It is right, but what kind of help are you looking for?

- anonymous

I do not know how to do it, but looking at a unit circle that seemed correct with where the angle should be. I want to know what equatin to use to get that answer for future use.

- ZeHanz

Do you know the formula: sin(a+b)=sin(a)cos(b)+cos(a)sin(b)?

- anonymous

Like currently I am stuck on
Find an exact value.
sine of negative eleven pi divided by twelve.\[\sin(-\frac{ 11\pi }{ 12 })\]

- anonymous

I am not familiar with that equation.

- ZeHanz

OK, that makes it a lot more difficult, I guess.
sin(-11pi/12)=-sin(11pi/12)=-sin(pi/12)=-sin(15°)
Have you been instructed to do these kind of problems in a unit circle?

- anonymous

yes to find the final answer.

- ZeHanz

OK, I'll try to draw one...

- anonymous

I have a pic in front of me that I drew

- anonymous

##### 1 Attachment

- phi

I think you try to use "nice numbers" that add or subtract to get 75º
45º + 30º = 75º

- phi

now use sin(a+b)= sin(a)cos(b) + cos(a) sin(b)

- anonymous

I already figured that one out.
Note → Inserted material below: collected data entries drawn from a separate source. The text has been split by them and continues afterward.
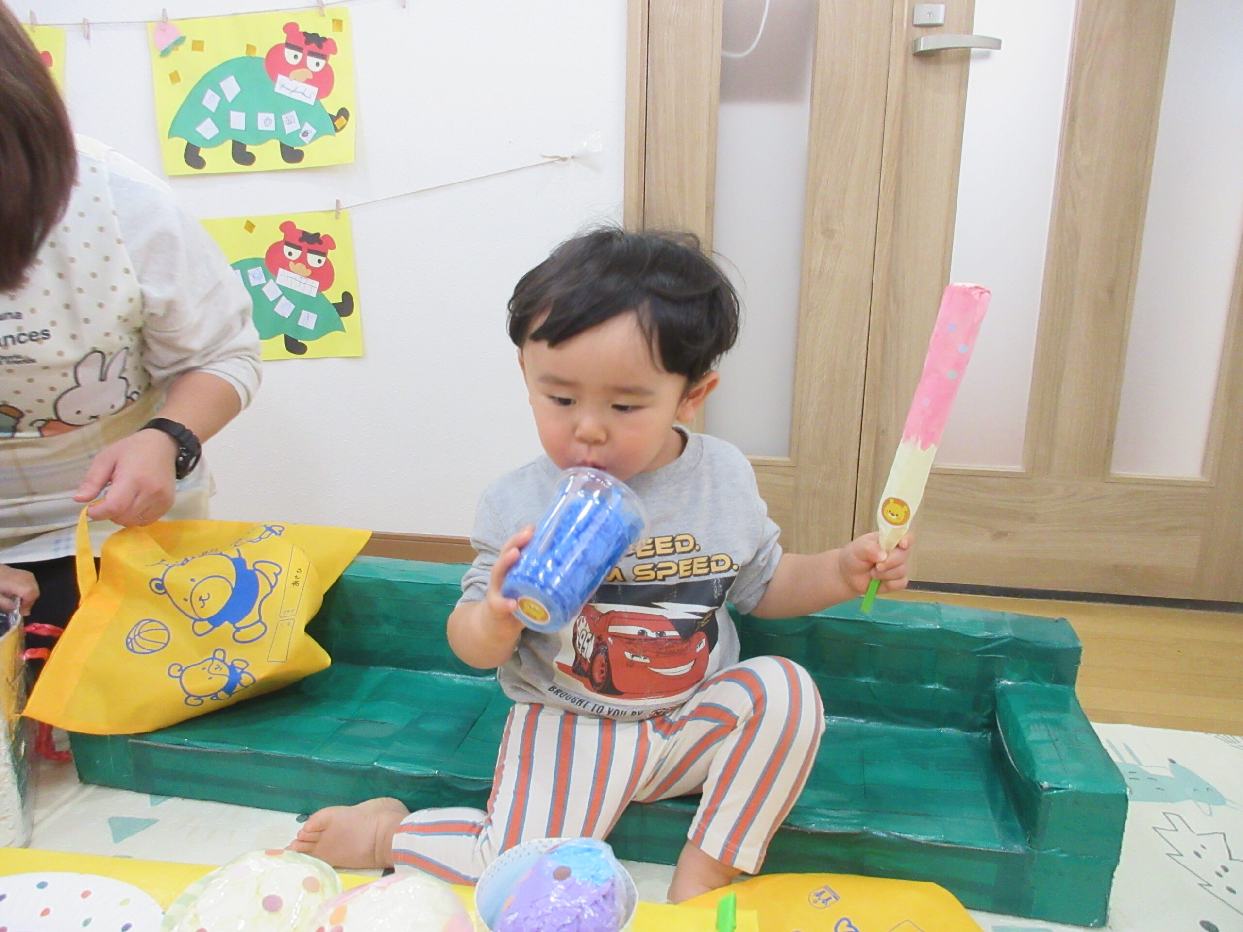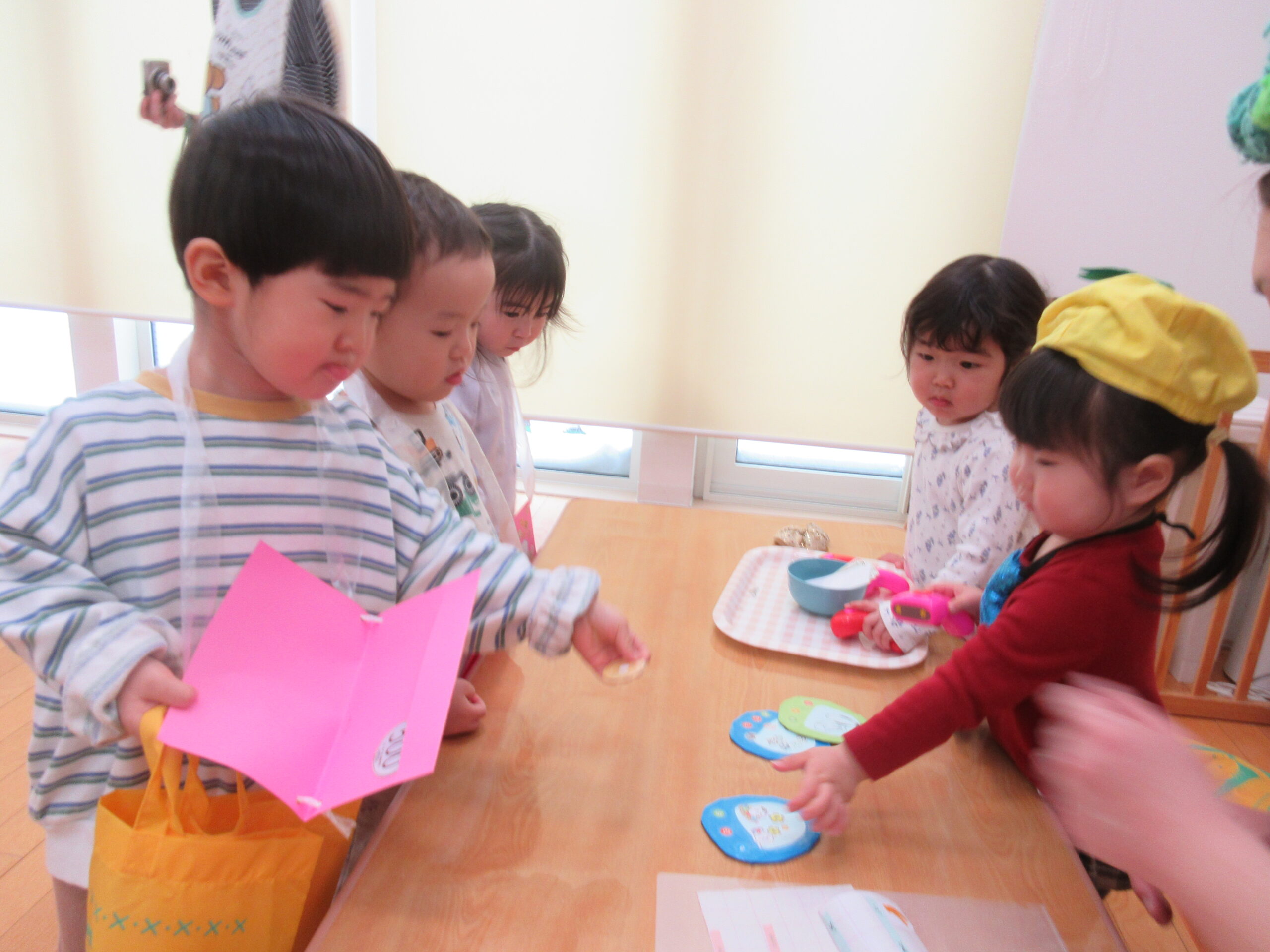 本日、お土産として自分たちでお買い物した商品を持ち帰ります😊ぜひ、お家でも今日のおみせやさんごっこのお話聞いてみてくださいね🎵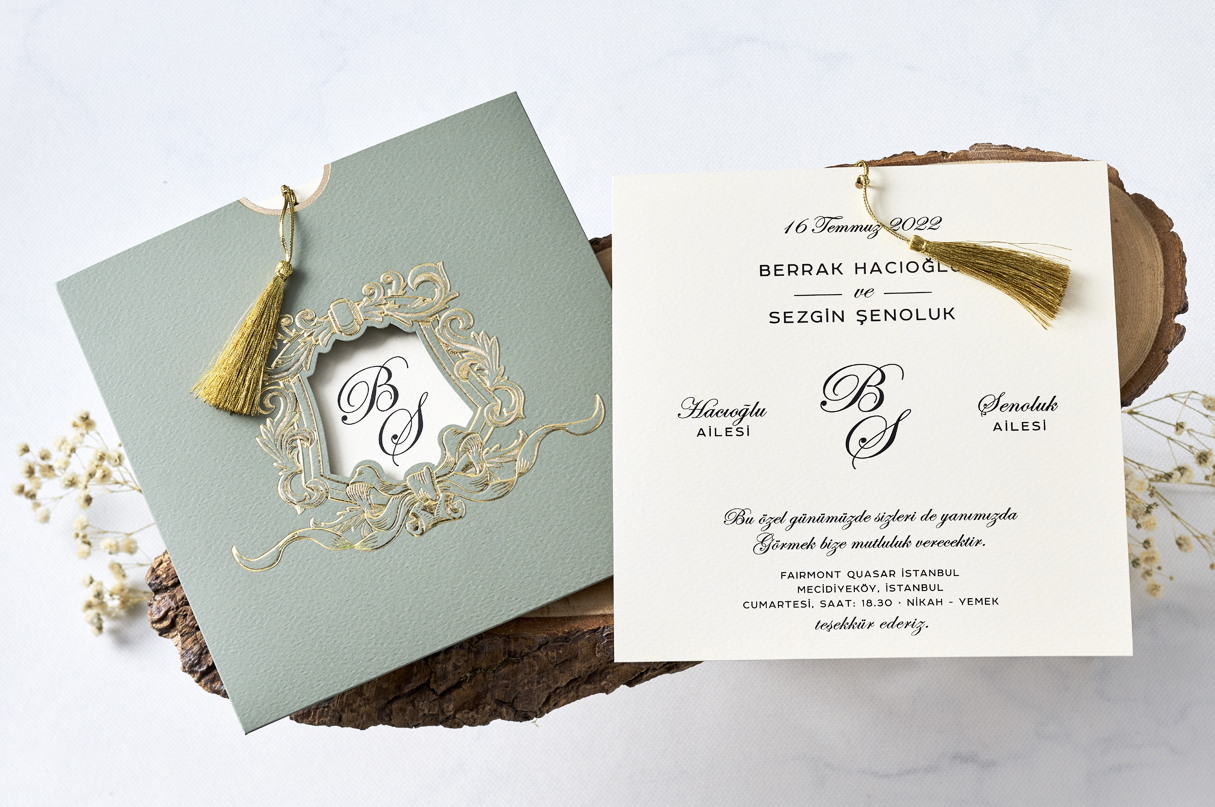 Invitatii de nunta confectionate dintr-un carton mat destinat textului accesorizat cu un snur cu franjuri. Acesta se introduce intr-o alta piesa tip buzunar cu model in relief. Invitatia nu contine plic clasic. Invitatia se personalizeaza cu textul pe care il doriti, corespunzator evenimentului dvs.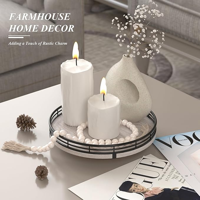 - 𝐏𝐑𝐄𝐌𝐈𝐔𝐌 𝐌𝐀𝐓𝐄𝐑𝐈𝐀𝐋: Our farmhouse lazy Susan made of natural ash wood veneer, sturdy, durable, and beautiful in texture. It is known for its durability, strength, and aesthetic, as well as it can handle heavy use and resist wear and tear. Widely used as coffee table decor, kitchen decor, centerpiece table decortations.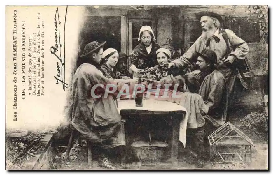 Cartes postales Folklore Paysans Les chansons de Jean Rameau illustrees Vin de Sancerre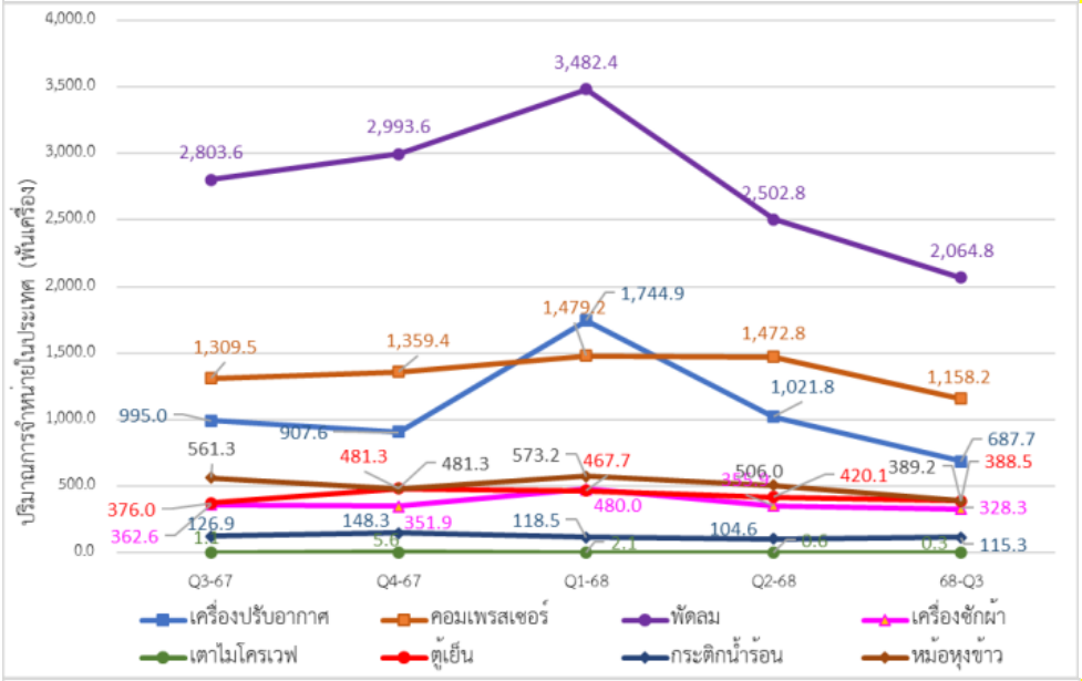 - ไตรมาสที่ 3 ปี 2568 สินค้าที่มีการปรับตัวลดลงเมื่อเทียบกับไตรมาสเดียวกันของปีก่อน เช่น เครื่องปรับอากาศ คอมเพรสเซอร์และเครื่องซักผ้า ลดลงร้อยละ 32.7, 21.6 และ 7.7 ตามลำดับ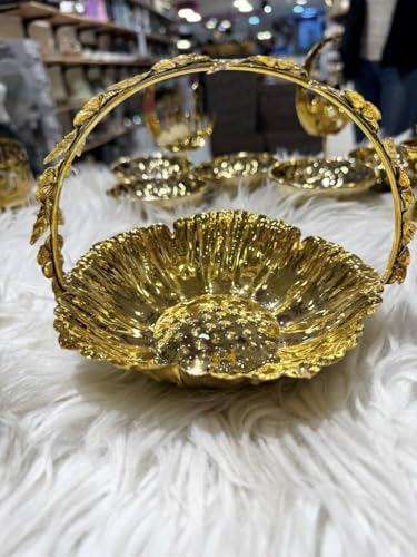Generic - Vintage Gold-Plated Decorative Serving Basket with Floral Handle, Ornate Design, Round Shape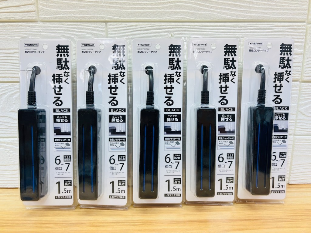 - A665 YAZAWA 5点セット 火災防止 安全シャッター付 無駄なく挿せる フリータップ 6〜7個口 1.5m BLACK 火災防止 延長コード H6NS7015BK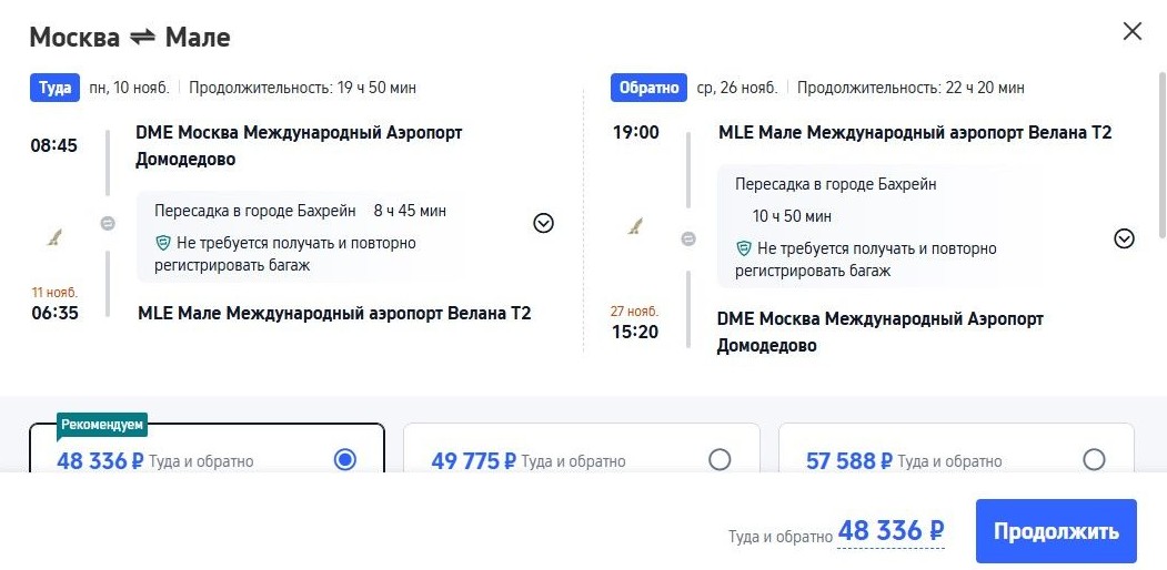 Пересадка в Бахрейне на пути в Мале составит около 9 часов, на обратном маршруте – 11 часов.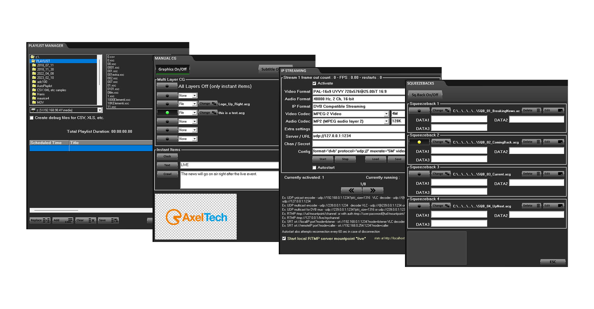 An internal IP encoder allows sending playout output via UDP to external multiplexers, or via RTMP, HLS, RTSP, IIS Live smooth, or windows media streaming to cloud servers for media distribution on internet. If an Nvidia GTX or better board is installed, GPU accelerated compression allows to use H264 and H265 codecs without affecting the computer’s CPU.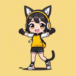 AI art prompt English – Bold Cartoon Chibi Girl Peace Sign High Saturation Prompt
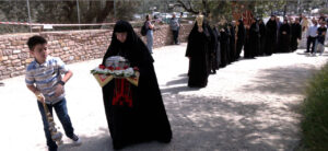 Από την λιτανεία στην κεφαλή της πομπής η ηγουμένη Ταβιθά με την Κάρα του Αγίου

I am working on\[\sin(-\frac{ 11\pi }{ 12 })\]

- phi

I (for one) switch to degrees first.

- anonymous

how do I do that?

- phi

multiply by 180/pi
you get -165 degrees
that means go clockwise from the x-axis.
as a positive angle it is 360-165= 195 degrees
so you want to find the sin(15) in the 3rd quadrant

- phi

|dw:1360100026509:dw|

- anonymous

So I would do sin(45-30)

- anonymous

phi, when you're done here, can you come back to my problem? thanks!

- anonymous

so would I do sin(45)cos(30)-cos(45)sin(30) next?

- phi

yes, but remember that sin is negative in the 3rd quadrant
so minus the final answer

- anonymous

So how would I do that? I am thinking the answer would be \[\frac{ -\sqrt{6}-\sqrt{2} }{ 4 }\] Just from what I know so far and the unit circle.

- phi

sin(45)cos(30)-cos(45)sin(30)
should give you
\[ \frac{ \sqrt{6}-\sqrt{2} }{ 4 }\]
now negate it to get
\[ \frac{ \sqrt{2}-\sqrt{6} }{ 4 }\]

- phi

you can always check your answers using a calculator. sin(-165º) = -0.2588...

- anonymous

Oh I wrote it wrong and forgot to negate it

- phi

so to do these problems, figure out the "reference angle" (that is the angle less than 90 that you make with the x-axis) and what quadrant.
try to come up with sums or differences that give the reference angle and then use the formulas
finally, use the quadrant to assign the correct sign.

- anonymous

Alright I will have to write that down. Thank you.

- ZeHanz

@keelyjm: I thought you weren't familiar with sin(a+b)=sin(a)cos(b)+cos(a)sin(b)?
Now you are using it...
Glad you do, because it makes everything much easier ;)

- anonymous

Yeah after I saw that with unusual angles you had to split it into to normal angles I got where a and b went

- anonymous

and basically I figured out how to use the equation

- ZeHanz

Good for you!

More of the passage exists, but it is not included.